We have 6 closed itemsets w.r.t. the frequency in the dataset `contextPasquier99`.

## Architecture of the library

![Summary of constraints implemented with Choco-mining \label{fig:app}](paper/app.svg)

The above figure illustrates the architecture of Choco-Mining library. Multiple task examples(in blue) are linked to the constraints(in red) that can be used to perform them.
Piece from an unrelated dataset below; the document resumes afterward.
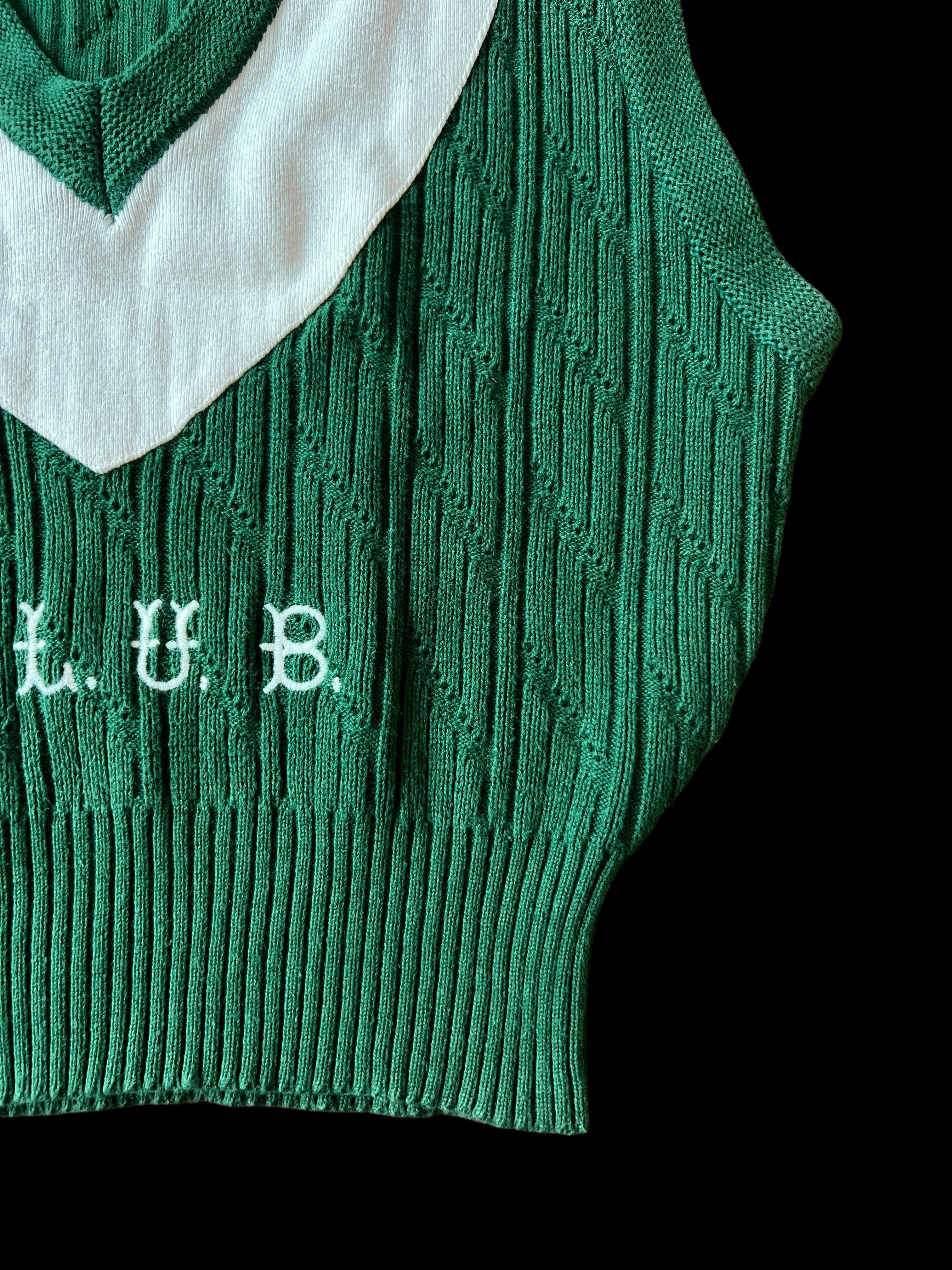 発色の良い鮮やかなグリーンをベースに、首元の白いV字配色が効いた、プレッピーな一着。立体的なケーブル編みが、さらにクラシックな雰囲気を高めています。

The following constraints are available in the library:

- `CoverSize(x,f)` [SchausAG17]: Given an integer variable `f` that represents the frequency (noted `freq`) of an itemset `x`, the constraint ensures that `f = freq(x)`.
- `CoverClosure(x)` [SchausAG17]: The constraint ensures that `x` is closed w.r.t. the frequency, i.e. there exists no superset `y` of `x` such that `freq(x) = freq(y)`.
- `AdequateClosure(M,x)` [VernereyLAL22]: Given a set of measures `M`, the constraint ensures that `x` is closed w.r.t. `M`, i.e. there exists no superset `y` of `x` such that for each measure `m` in `M`, we have `m(x) = m(y)`.
- `FrequentSubs(s,x)` [Belaid2BL19]: Given a frequency threshold `s`, the constraint ensures that each subset `y` of `x` is frequent, i.e. `freq(y) >= s`.
- `InfrequentSupers(s,x)` [Belaid2BL19]: Given a frequency threshold `s`, the constraint ensures that each superset `y` of `x` is infrequent, i.e. `freq(y) <= s`.
- `Generator(x)` [BelaidBL19]: The constraint ensures that `x` is a generator, i.e. there exists no subset `y` of `x` such that `freq(y) = freq(x)`.
- `ClosedDiversity(H,j,s,x)` [HienLALLOZ20]: Given a history of itemsets `H`, a diversity threshold `j` and a minimum frequency threshold `s`, the constraint ensures that `x` is a diverse itemset (i.e. there exists no itemset `y` in `H` such that  `jaccard(x,y) >= j`), `x` is closed w.r.t. the frequency and `freq(x) >= s`.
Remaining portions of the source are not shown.